Stem cell therapy is the most discussed regenerative approach in canine arthritis. It's also the one with the most varied evidence base and the most variable marketing.
What it actually is
Stem cells are cells with the capacity to develop into different cell types and to influence the behaviour of other cells around them. Mesenchymal stem cells (MSCs) are a specific type of stem cell that can be derived from various tissues including bone marrow, fat (adipose tissue), and umbilical cord material.
For canine arthritis, the typical approach is autologous adipose-derived stem cell therapy. This involves:
- Surgical removal of a small amount of fat tissue from the dog (typically from the falciform ligament or subcutaneous fat)
- Laboratory processing to isolate and concentrate the mesenchymal stem cells
- Injection of the prepared cells into the affected joint(s)

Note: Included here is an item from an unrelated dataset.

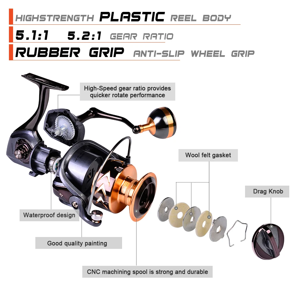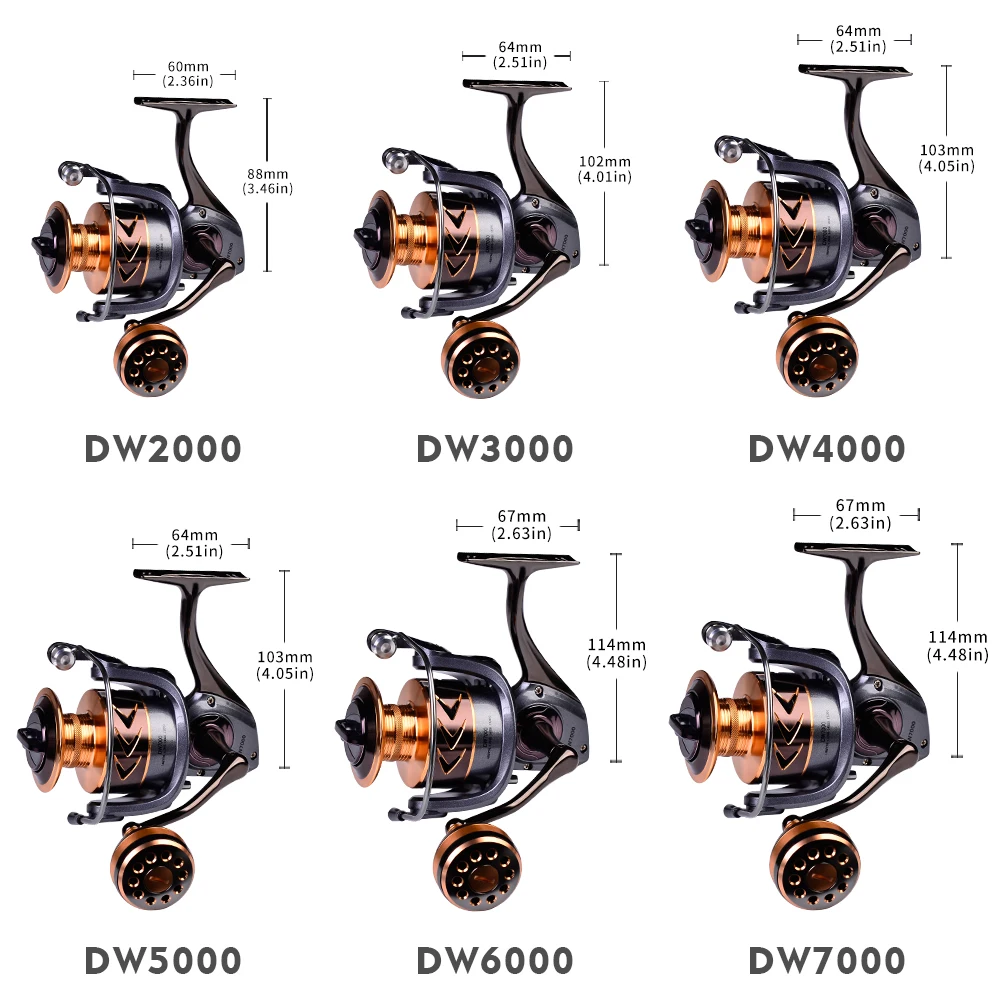 Serie: 2000-3000-4000-5000-6000-7000 Arrastre máximo: 11-13-15-17-19-21KG Peso neto: 220-286-300-313-413-434g Relación de engranajes: Serie 2000/3000: 5,1: 1 4000/5000/6000/7000Serie: 5,2: 1 Capacidad de la línea de la serie 2000 (mm/m): 0,15/200 0,2/150 Capacidad de línea serie 3000 (mm/m): 0,15/220 0,18/200 0,2/180 Capacidad de línea serie 4000 (mm/m): 0,2/300 0,25/195 0,3/135 Capacidad de línea serie 5000 (mm/m): 0,25/255 0,3/155 0,35/115 Capacidad de línea serie 6000 (MM/M): 0,3/170 0,35/125 0,4/100 Capacidad de línea serie 7000 (mm/m): 0,28/270 0,33/200 0,35/180 Características del producto: 1. Hasta 39,6 lb/21kg de arrastre de fibra de carbono de triple disco suave y fiable 2. Eje principal de acero inoxidable y engranajes de piñón de metal de manganeso de malla de precisión más fuerte 3. La serie tiene un diseño único de protección resistente al agua para su carrete, cuerpo y rotor. 4. Carrete de metal CNC único 5. Bloqueo instantáneo anti-retroceso, hardware de alta calidad, mango de metal completo Potente y fiable * Carrete de metal * Mango de metal completo * Cuerpo de grafito reforzado * Rotor de grafito reforzado

Some centres also use bone marrow as the source. A few use allogeneic (donor) stem cells rather than the dog's own cells, though autologous treatment is more common.
How it's claimed to work
The proposed mechanisms include:
Immunomodulation. MSCs release signalling molecules that modulate the immune response in the joint, reducing the chronic inflammatory state of arthritis.
Trophic effects. MSCs release growth factors and cytokines that may support the surrounding cells and tissues, potentially slowing degeneration.
Cartilage-supportive effects. The theoretical hope is that MSCs may support cartilage health, though the evidence for actual cartilage regeneration in clinical settings remains limited.
Anti-inflammatory effects. Reduction of pro-inflammatory cytokines that drive ongoing joint damage.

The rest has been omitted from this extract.